Sure, you clamp the template directly to your work and do several passes. You can download the supplement manual from PC's website, it explains this in detail.


----------



## fire65 (Oct 29, 2008)

foodgroup said:


> Sure, you clamp the template directly to your work and do several passes. You can download the supplement manual from PC's website, it explains this in detail.


Great first post, welcome to the forum. I will have to see this done since I have the PC dovetail jig. You can not just move the template and clamp it because both templates work together. 
I am sure it could be done, but it will take some thought, work and some jigs.


----------



## fire65 (Oct 29, 2008)

foodgroup said:


> Sure, you clamp the template directly to your work and do several passes. You can download the supplement manual from PC's website, it explains this in detail.


 Have any pics of you actually doing this? It is easy to say it will work but have you done it.


----------



## old55 (Aug 11, 2013)

Welcome to the forum FoodGroup.


----------



## cptjack (Aug 15, 2014)

*thank you*

thanks guys


----------



## greenacres2 (Dec 23, 2011)

*Supplemental Manual*

The Supplementary Manual is in the reference section here on the Router Forum, http://www.routerforums.com/porter-cable/44724-pc-a24602-4210-4212-4216-dovetail-jig.html

I've not done it, but pages 6-8 and on in Supplementary Manual provide the method.

earl


----------



## foodgroup (May 8, 2014)

greenacres2 said:


> The Supplementary Manual is in the reference section here on the Router Forum
> 
> I've not done it, but pages 6-8 and on in Supplementary Manual provide the method.
> 
> earl


Thanks for the link, and thank you all for the warm welcome.

I haven't tried it either.


----------



## cptjack (Aug 15, 2014)

*what would you buy*

recommendation on a jig please


----------



## cptjack (Aug 15, 2014)

*porter cable*

anyone like or dislike the porter cable 4016 jig?


----------



## greenacres2 (Dec 23, 2011)

cptjack said:


> anyone like or dislike the porter cable 4016 jig?


Yep. And that's all i have to say about that.

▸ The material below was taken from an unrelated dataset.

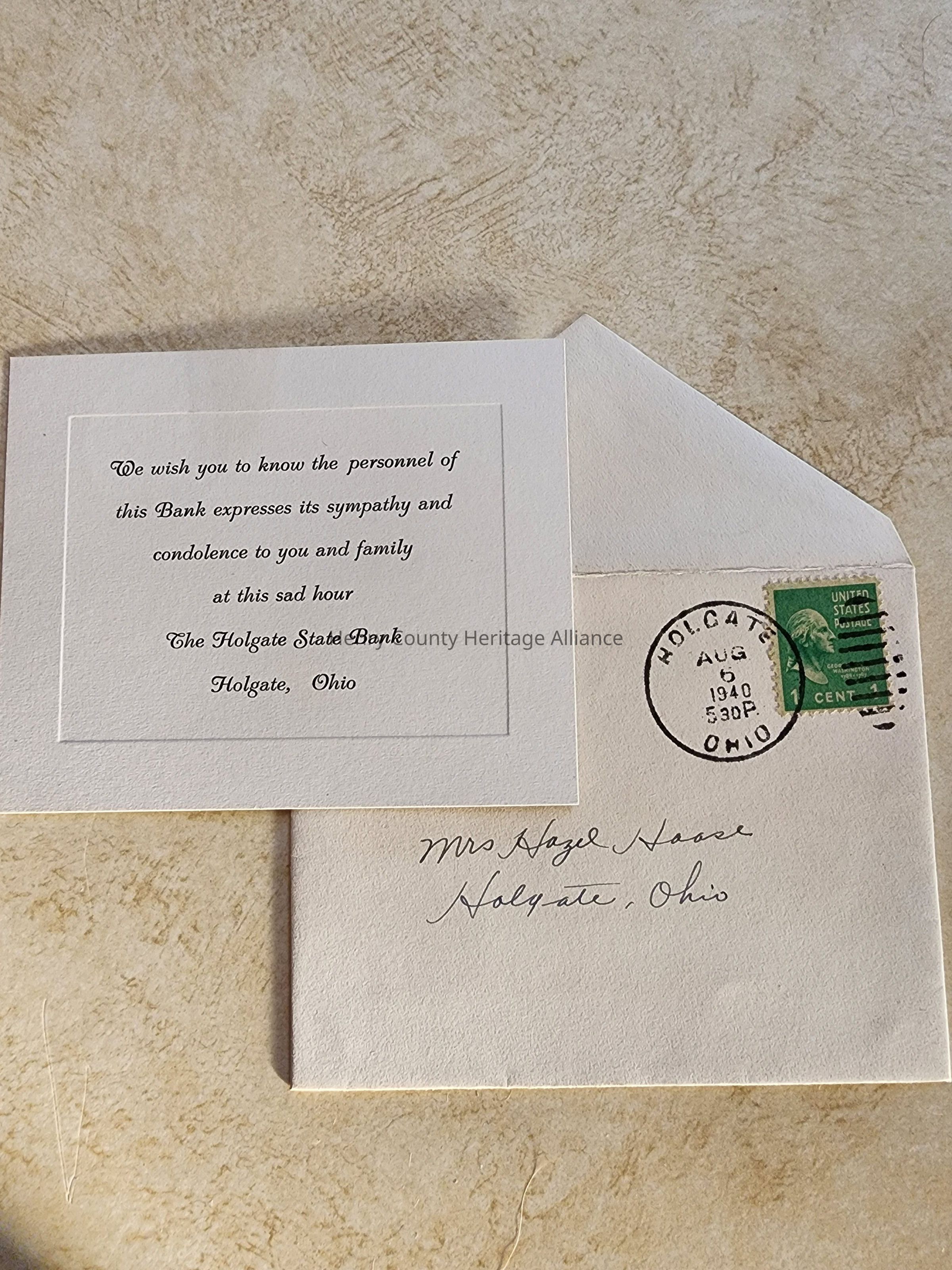 Condolence Card from the Holgate State Bank to Mrs. Hazel Mink Haase

My likes--Easy to set up and use for box joints and dovetails. When done right, it makes me look pretty good pretty quick. Dislikes--user errors in the system, like not milling enough extra stock to set the template height or do a test fit. That kind of stuff is my fault, not the jig's. Haven't used my PC jig since i put the Incra positioner on the router table. For doing one box at a time, i found the PC a little quicker. For doing 2 or 3, which became a habit, i find the Incra system more repeatable. 

Tip that worked for me--i always had a little trouble seeing the depth plate on the PC jig, too dark down there to see if i was right on a smidgeon high. Then i started putting a small pencil mark on my workpiece, using another workpiece to measure--perfect almost 100% of the time on the first try doing it that way. Your mileage may vary.

I should sell the PC Jig--got the box out of the rafters last year to do that!!

earl


----------